John Logie Baird in 1925 with his televisor equipment and dummies “James” and “Stooky Bill”, via Wikimedia Commons

It’s been 90 years since the first live TV broadcast was made, with 1926’s device paving the way for revolutionary news coverage, the greatest dissemination of information ever (pre-internet), and the Kardashians.

So, who invented the mechanical television all those years ago?

Daisy Elizabeth Gandy was the world’s first reality TV star, with the business partner of John Logie Baird the first person to appear on live TV ever – that moment has been commemorated by Google with today’s Doodle.

Called a ‘televisor’, Baird’s device had been in the works for years as he grappled with converting the idea of radio into something all the more immersive.

Two years previously, he had transmitted an image 10m away, but the quality was dubious and he needed to fine tune his contraption in order to reach the mass appeal he craved.

John Logie Baird? Great Scot!

Born in Scotland, Baird was an avid engineer from an early age, setting up a telephone network on his street so he could chat with his friends.
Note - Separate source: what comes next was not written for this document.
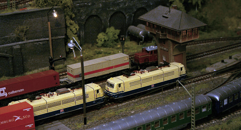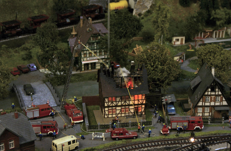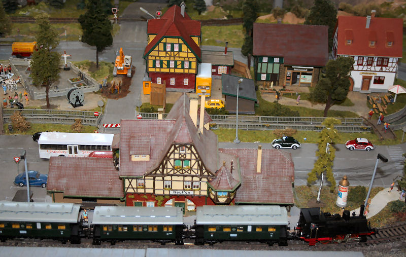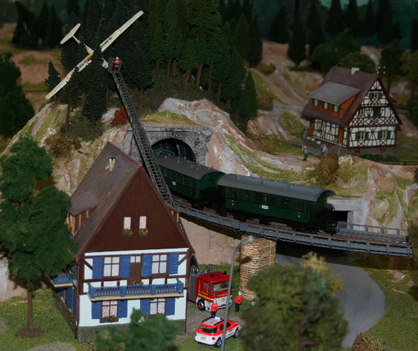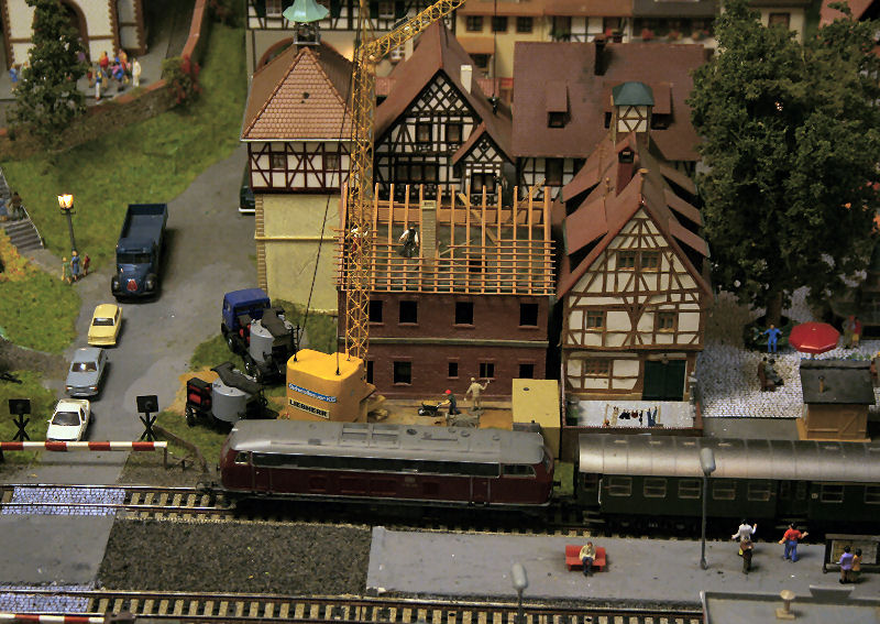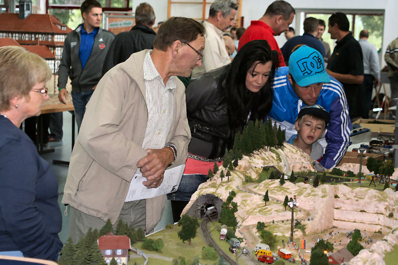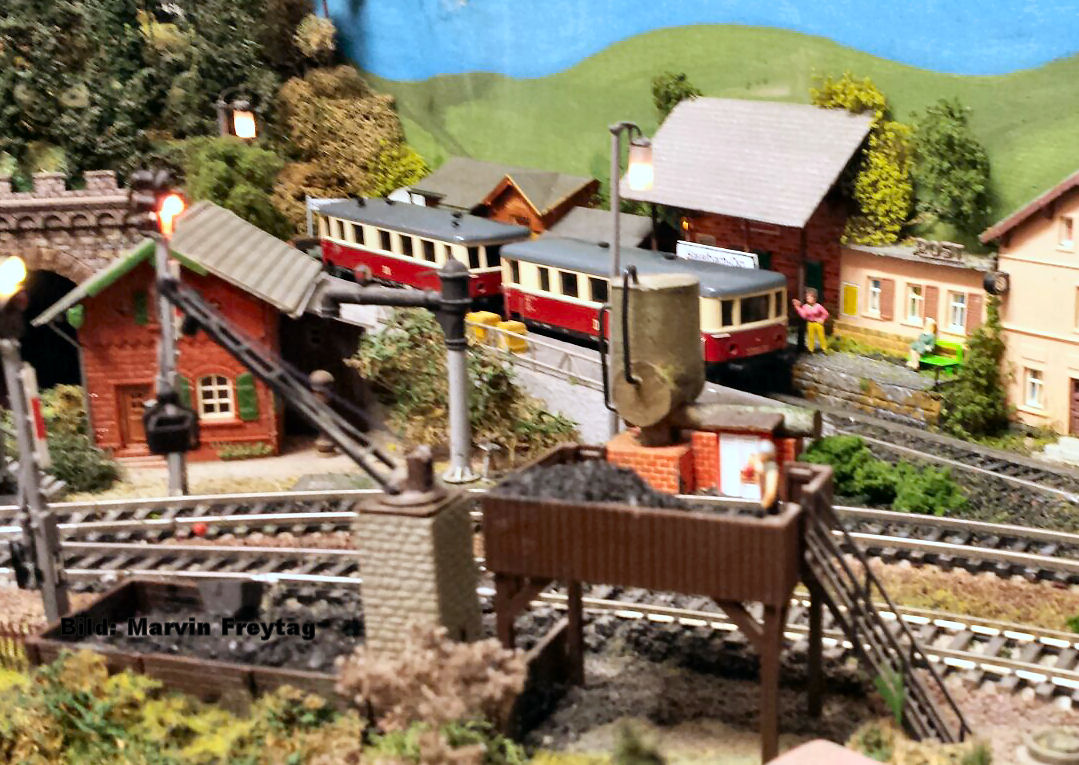 Willi S. baut schon viele Jahre an seiner Anlage. Ursprünglich war es eine kleine Spielbahn für den Sohn. Im Lauf der Zeit wuchs sie zu einer stattlichen Ausstellungsanlage von 12m x 2m Größe an, die mit vielen liebevoll gestalten Details gefüllt ist. Willi S. zeigte seine Anlage schon bei vielen Ausstellungen.

He worked for Clyde Valley Electrical Power Company before taking it upon himself to revolutionise home entertainment with the first TV.

So, today, 90 years ago, in front of dozens of scientists in an attic of a London house, he gave the world’s first demonstration of true television.

John Logie Baird

A year later, he transmitted footage from London to Glasgow (438 miles), before going one better by linking London up to New York in 1928.

Baird wasn’t the only person working on TV systems, merely the first of a breed, with electronic TVs rendering his mechanical original obsolete within a couple of years .

New TV technology rendering previous models obsolete within a few years? No change there then.

So the next time you see people gormlessly staring at Keeping up with the Kardashians, or muted by rolling news coverage of parochial issues in some far-flung place, remember John Logie Baird and the first TV star, Daisy Elizabeth Gandy.